Name <- c("Doe, John", "Doe, John", "Doe, John", "Doe, Jane",
"Doe, Jane", "Doe, Jane")
Accession <- c(123, 234, 345, 456, 567, 678)
MRN <- c(55555, 55555, 55555, 66666, 66666, 66666)
Collected <- c("2022-01-05", "2022-01-06", "2022-01-07", "2022-01-08",
"2022-01-09", "2022-01-20")
Result <- c("Detected", "Negative", "Detected", "Negative",
"Negative", "Negative")
CV <- data.frame(Name, Accession, MRN, Collected, Result)
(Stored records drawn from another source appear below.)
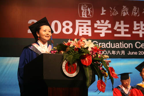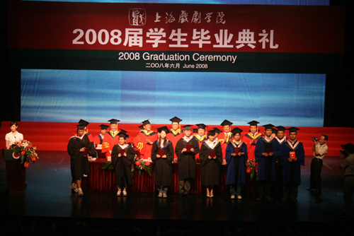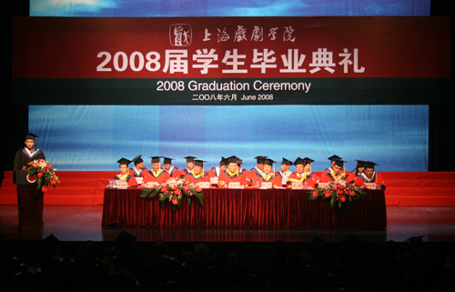 6月26日下午,2008届学生毕业典礼在上戏剧院隆重举行,校领导贺寿昌、韩生、葛朗、楼巍、刘志钢、孙惠柱、徐幸捷,学术委员会主任叶长海,各院系领导龙俊杰、刘永华、陆军、卢昂、赵韫颖、陈家年、孙福良,教务处长陈其毅、研究生部主任宫宝荣、公教部副主任陈敏等在主席台就座。各(院)系和有关部门领导、研究生导师、毕业班班主任辅导员和全体应届毕业生一起出席了毕业典礼。毕业典礼由孙惠柱副院长主持。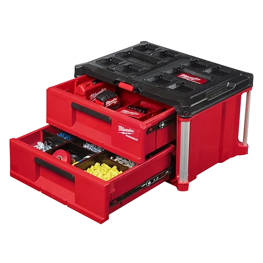 Nuestra caja de herramientas PACKOUT™ de 2 cajones tiene una capacidad de peso de 22.7 kg y una barra de seguridad con candado que permite cerrar los cajones con candado, manteniéndolos cerrados de forma segura durante el transporte. Como parte del sistema de almacenamiento modular PACKOUT™, esta caja de herramientas le permite personalizar su sistema de almacenamiento para facilitar el transporte y la organización de herramientas y accesorios. Esta caja de herramientas portátil con cajones está fabricada con polímeros resistentes a impactos, guías metálicas con rodamientos de bolas y esquinas reforzadas con metal para una máxima durabilidad en el lugar de trabajo. La caja de herramientas de 2 cajones también le permite personalizar la distribución de sus cajones con divisores de ajuste rápido (incluye un juego de divisores). El sistema de almacenamiento modular PACKOUT™ es el sistema de almacenamiento más versátil y duradero de la industria.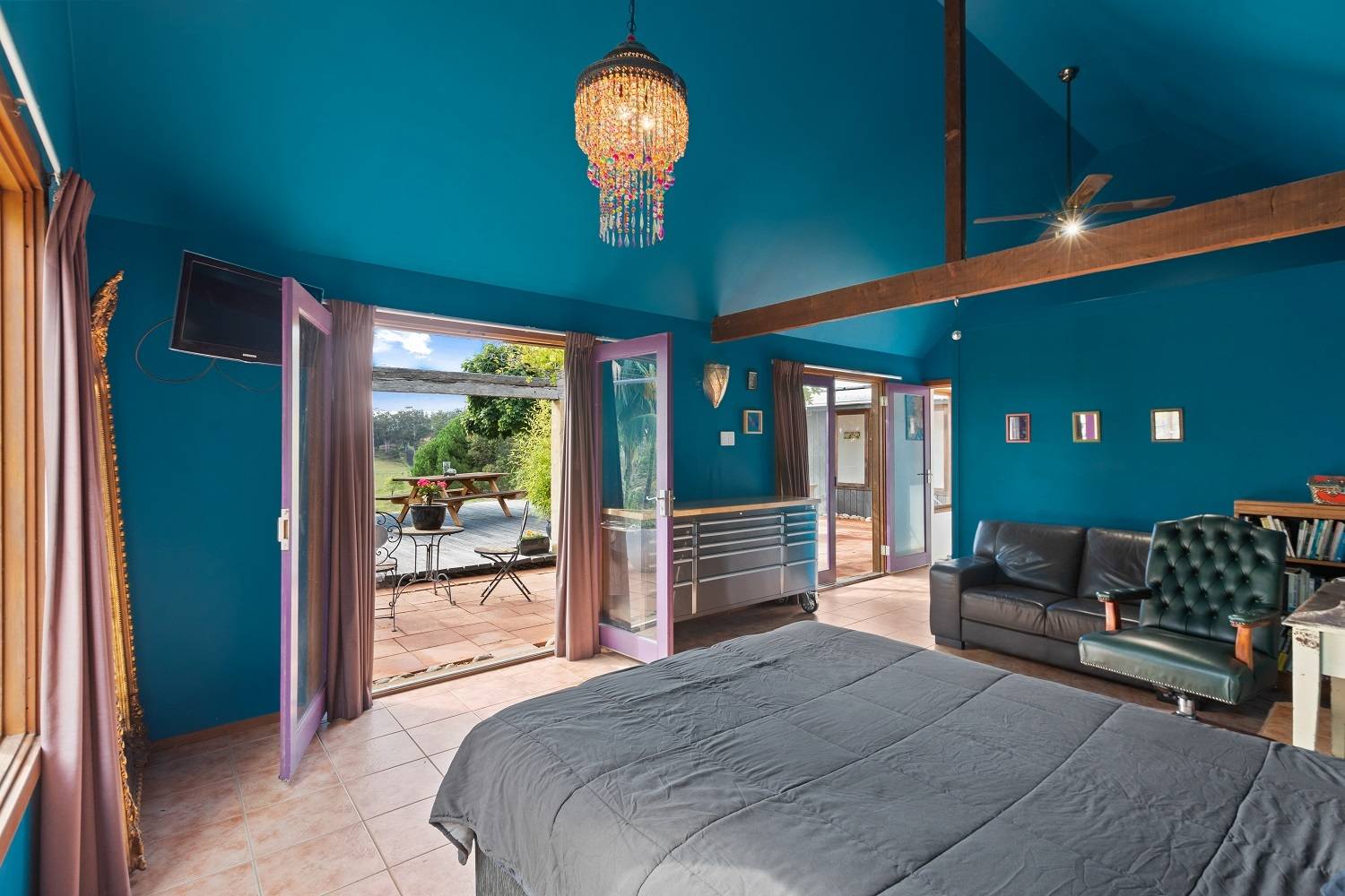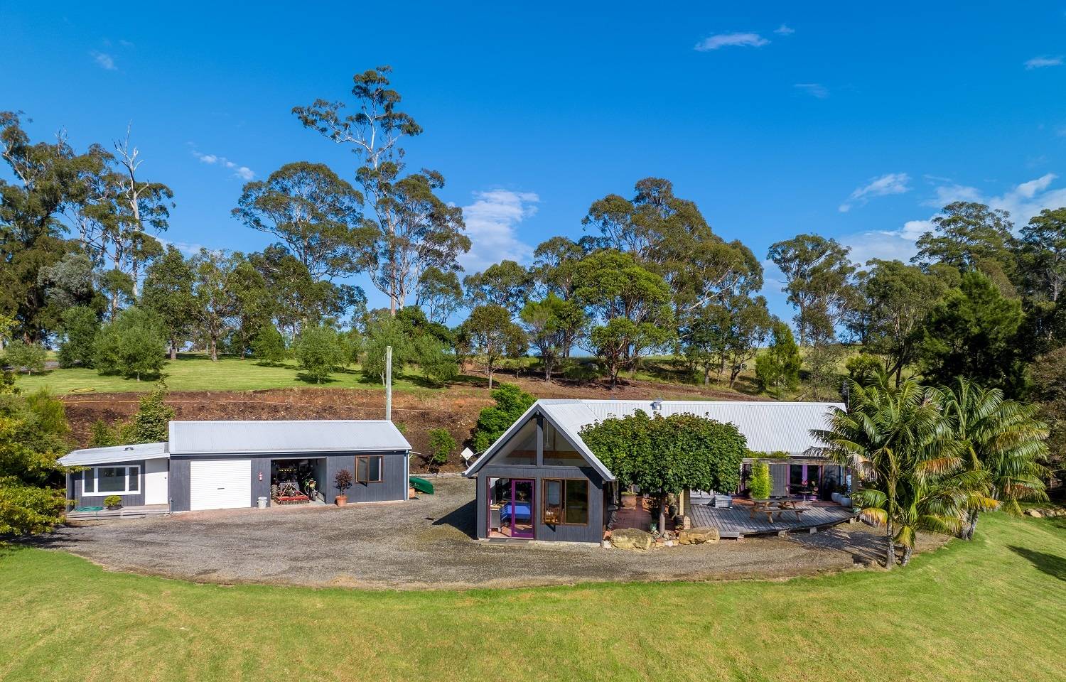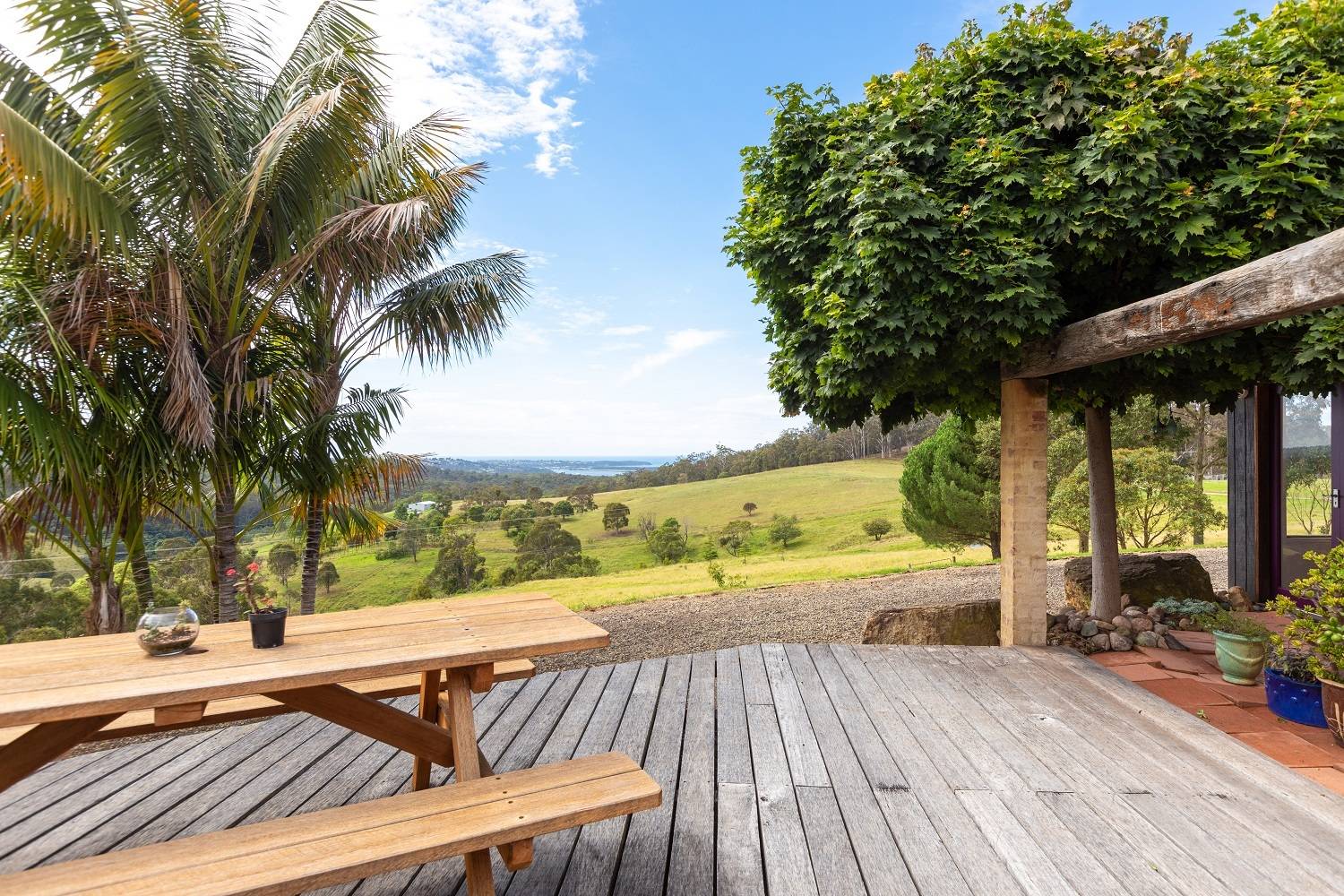 Exquisitely nestled on the escarpment in the ever desirable Woodlands Lane, Bald Hills and providing inspirational rural vistas all the way to Merimbula Lake, Short Point and beyond to the vivid blue of the South Pacific, captivating 2 bedroom plus study residence and a generous 4 roomed freestanding studio. Positioned on 14 sheltered, fertile basalt acres, boasting the classic North East aspect, the home is centred around a divine European-like paved and decked courtyard/alfresco living area and oozes bespoke features and designer chic. Internal volume and space are added to each room with voluminous raked ceilings, the home’s composition includes open living and dining with a funky minimalist kitchen (inc s/s splash backs) at the fulcrum, all flowing out to the North facing paved pergola, king sized master (direct courtyard access) and WIR, 2nd bedroom (BIRs), study with external access, stunning designer bathroom plus sep wc and laundry. The cottage/artist’s studio comprises 2 large living/work spaces, bedroom, ensuite and a double l/u garage. The gorgeous surrounds are fenced with many exotic plantings including Lord Howe Island Kentia palms (there is even a Banyan Tree), lush pasture , 2 permanent dams and 110,000 litre concrete water tank. Clean fresh air, quiet country lane yet only minutes (5 min drive) to all the amenities of vibrant Pambula Village and extra 3 to the beach. Breathless in Bald Hills.

You could replace the Accession by a running id (1, 2, 3, ...) and use reshape
.
> CV |>
+ transform(Accession=ave(Name, Name, FUN=seq_along)) |>
+ reshape(idvar=c('Name', 'MRN'), timevar='Accession', direction='wide')
Name MRN Collected.1 Result.1 Collected.2 Result.2 Collected.3 Result.3
1 Doe, John 55555 2022-01-05 Detected 2022-01-06 Negative 2022-01-07 Detected
4 Doe, Jane 66666 2022-01-08 Negative 2022-01-09 Negative 2022-01-20 Negative
If you want the column to be named Date instead of Collected add a line that does the cosmetics.
> CV |>
+ transform(Accession=ave(Name, Name, FUN=seq_along)) |>
+ reshape(idvar=c('Name', 'MRN'), timevar='Accession', direction='wide') |>
+ {\(.) setNames(., sub('Collected', 'Date', names(.)))}()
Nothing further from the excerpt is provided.